Copy out exactly the lines spanning the line with "Ink drawing of" to the line with "Игровой комплекс для", inclusive, from the data underneath, with no pictures.

** Supplied material **
————
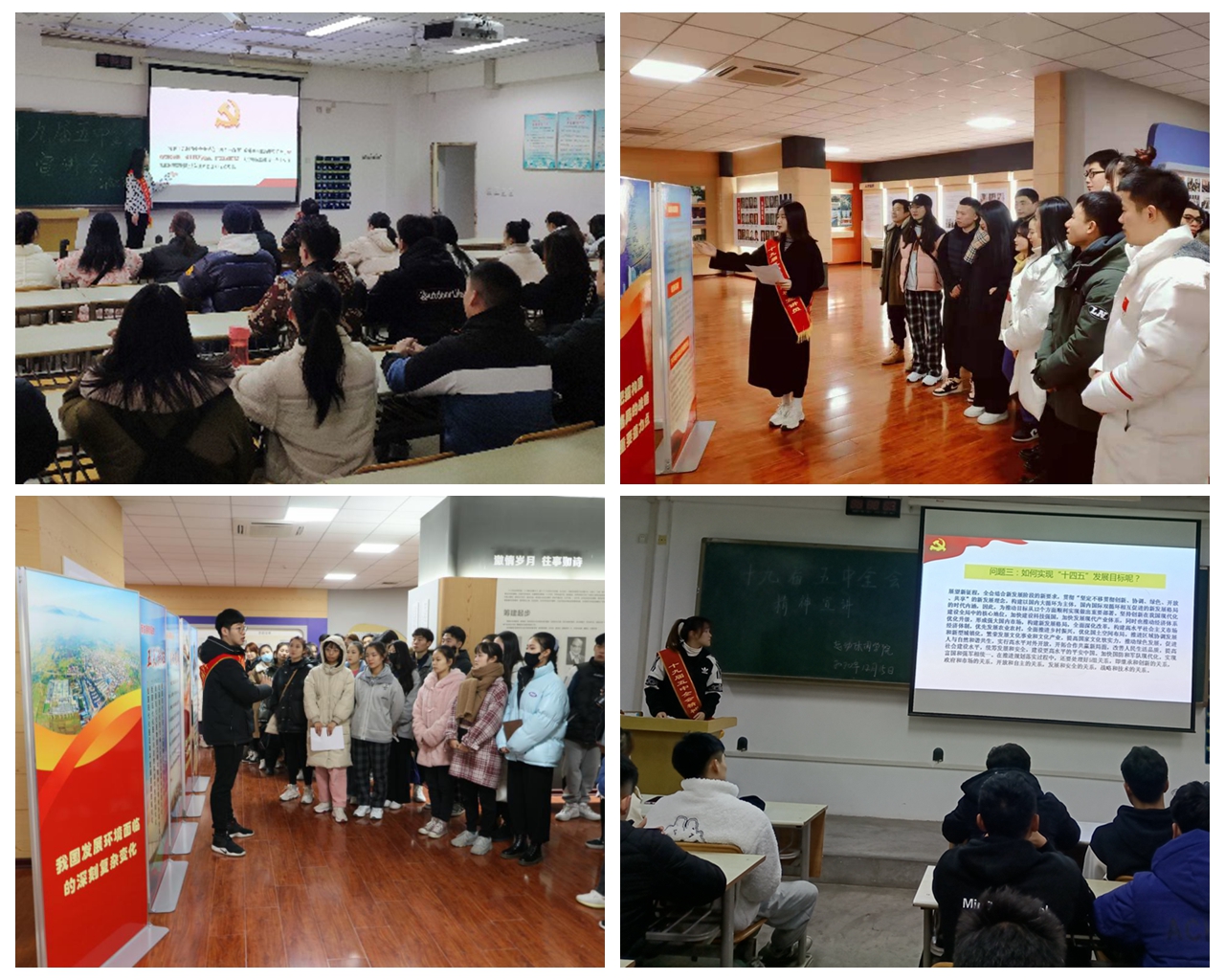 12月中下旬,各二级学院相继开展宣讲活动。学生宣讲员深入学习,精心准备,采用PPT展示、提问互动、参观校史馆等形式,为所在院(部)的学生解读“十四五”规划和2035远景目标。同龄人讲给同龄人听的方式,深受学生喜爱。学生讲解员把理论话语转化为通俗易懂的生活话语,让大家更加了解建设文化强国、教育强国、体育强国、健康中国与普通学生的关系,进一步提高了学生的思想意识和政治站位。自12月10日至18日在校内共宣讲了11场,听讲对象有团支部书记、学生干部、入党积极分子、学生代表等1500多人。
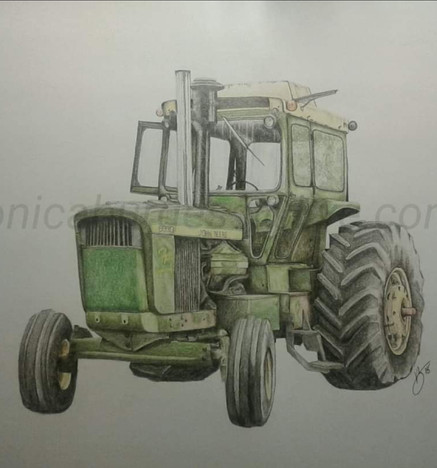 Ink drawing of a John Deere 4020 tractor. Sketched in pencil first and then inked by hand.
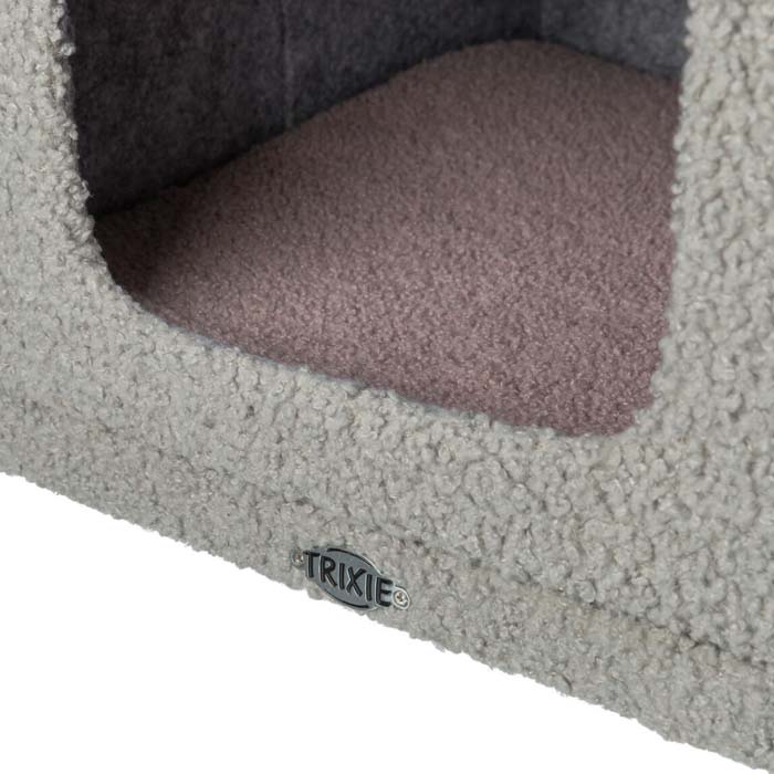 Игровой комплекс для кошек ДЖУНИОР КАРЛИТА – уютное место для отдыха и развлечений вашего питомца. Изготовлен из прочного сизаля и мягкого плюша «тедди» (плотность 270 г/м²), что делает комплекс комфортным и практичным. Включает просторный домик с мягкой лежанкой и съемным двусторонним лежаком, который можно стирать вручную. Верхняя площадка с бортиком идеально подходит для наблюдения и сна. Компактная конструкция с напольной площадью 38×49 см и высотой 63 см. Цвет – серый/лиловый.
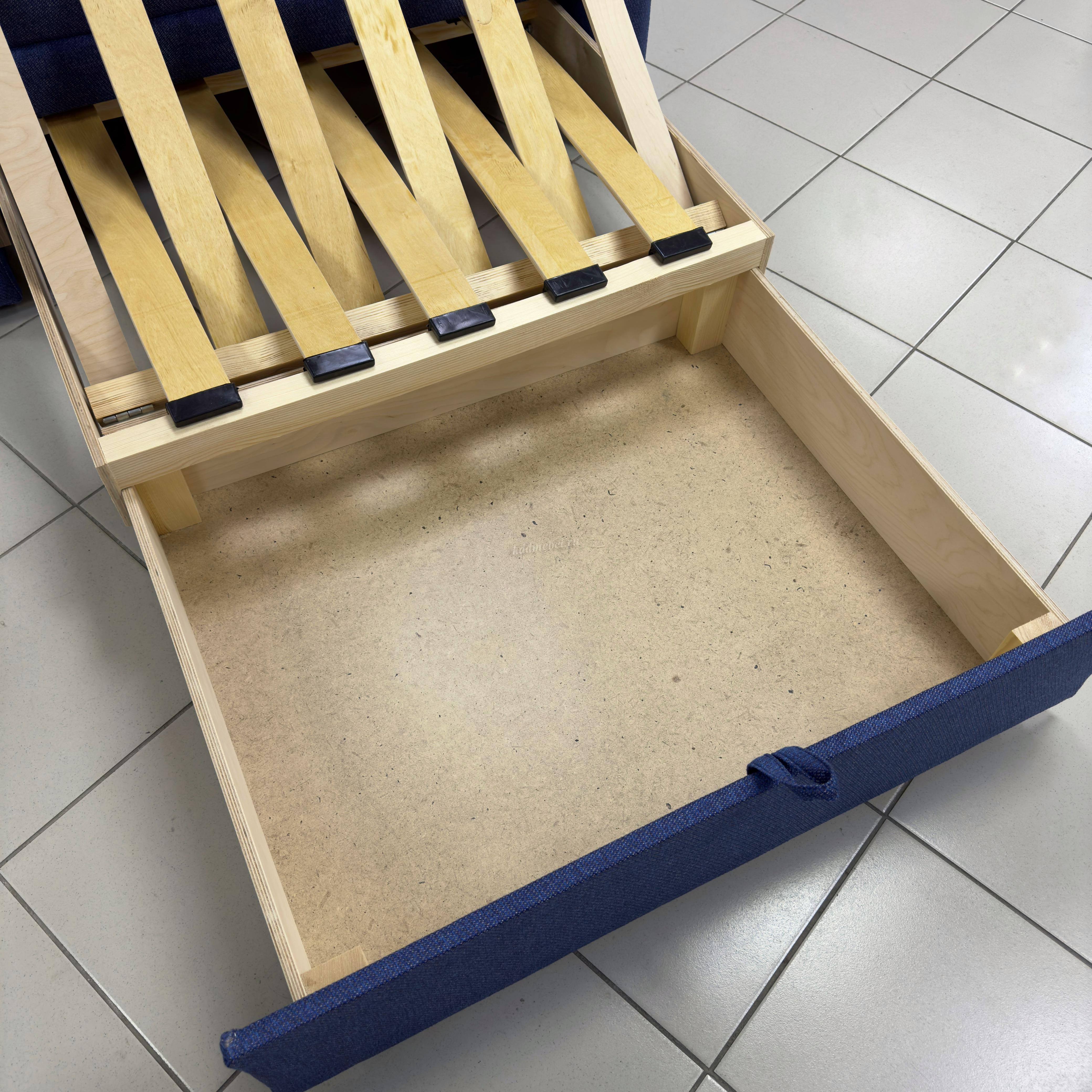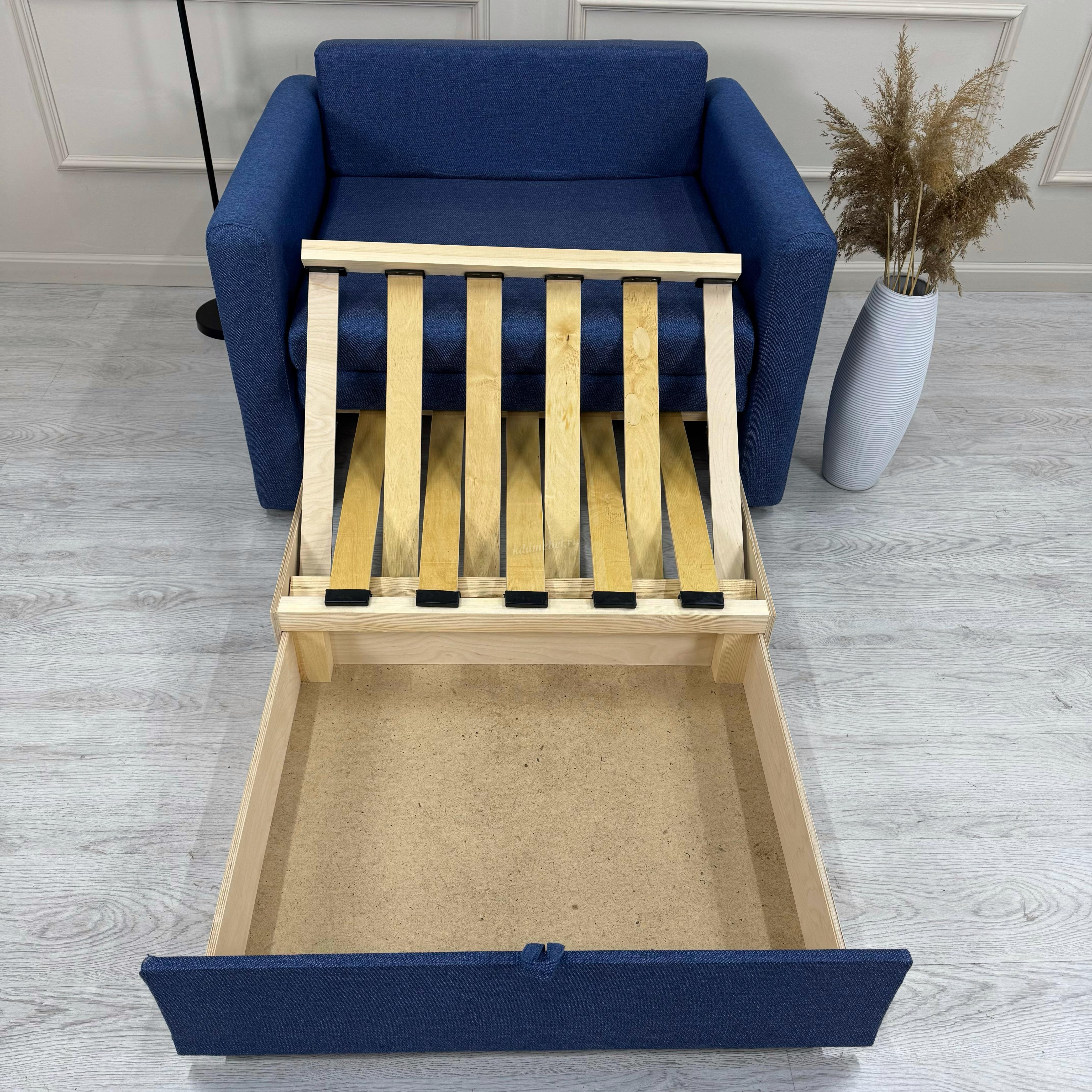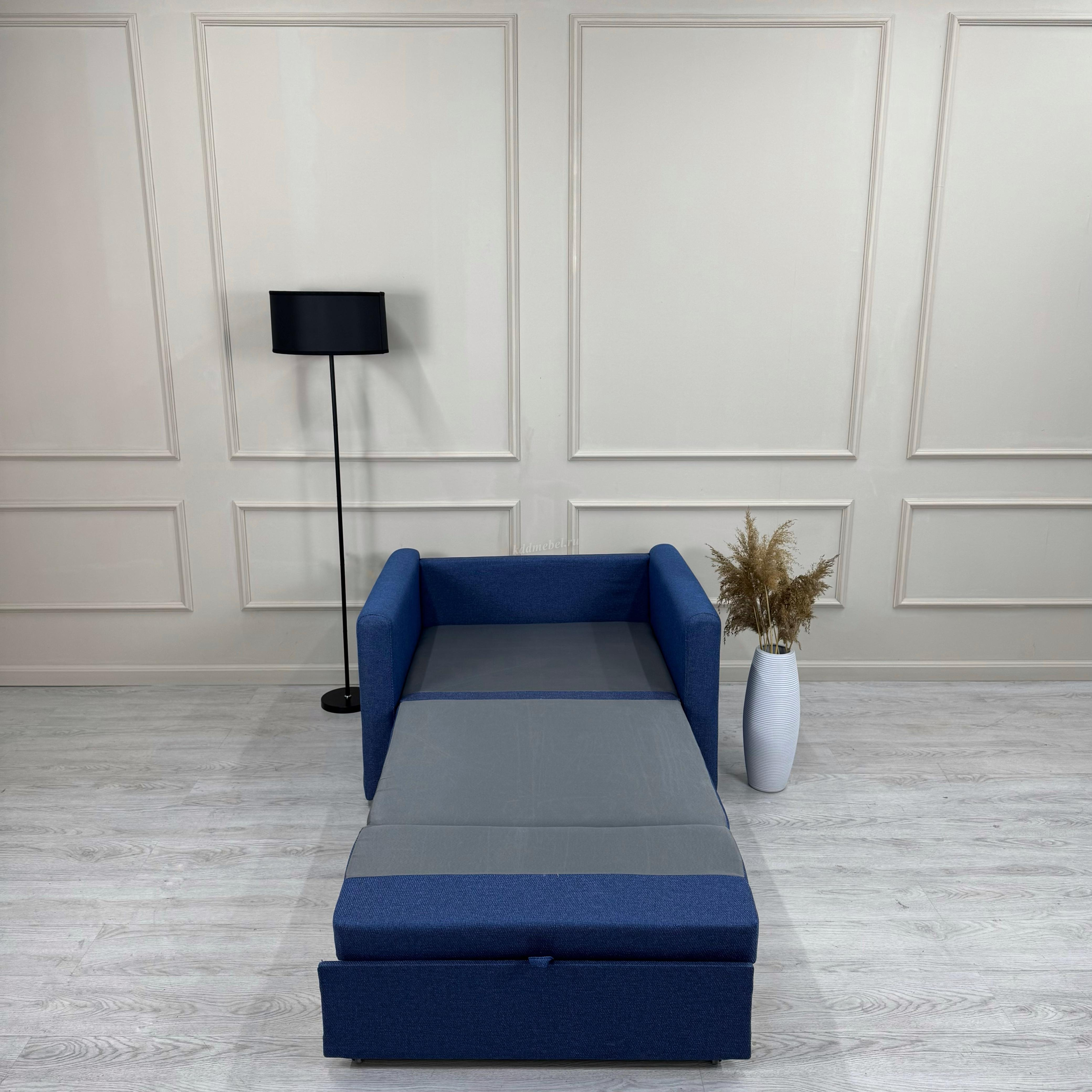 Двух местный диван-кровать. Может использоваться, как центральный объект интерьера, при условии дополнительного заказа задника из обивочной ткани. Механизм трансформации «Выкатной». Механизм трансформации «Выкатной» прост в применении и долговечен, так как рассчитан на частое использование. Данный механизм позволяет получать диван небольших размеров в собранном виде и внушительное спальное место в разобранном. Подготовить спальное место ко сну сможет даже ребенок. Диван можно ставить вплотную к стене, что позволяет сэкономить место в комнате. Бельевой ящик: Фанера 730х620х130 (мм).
————
** Answer **
 Ink drawing of a John Deere 4020 tractor. Sketched in pencil first and then inked by hand.
 Игровой комплекс для кошек ДЖУНИОР КАРЛИТА – уютное место для отдыха и развлечений вашего питомца. Изготовлен из прочного сизаля и мягкого плюша «тедди» (плотность 270 г/м²), что делает комплекс комфортным и практичным. Включает просторный домик с мягкой лежанкой и съемным двусторонним лежаком, который можно стирать вручную. Верхняя площадка с бортиком идеально подходит для наблюдения и сна. Компактная конструкция с напольной площадью 38×49 см и высотой 63 см. Цвет – серый/лиловый.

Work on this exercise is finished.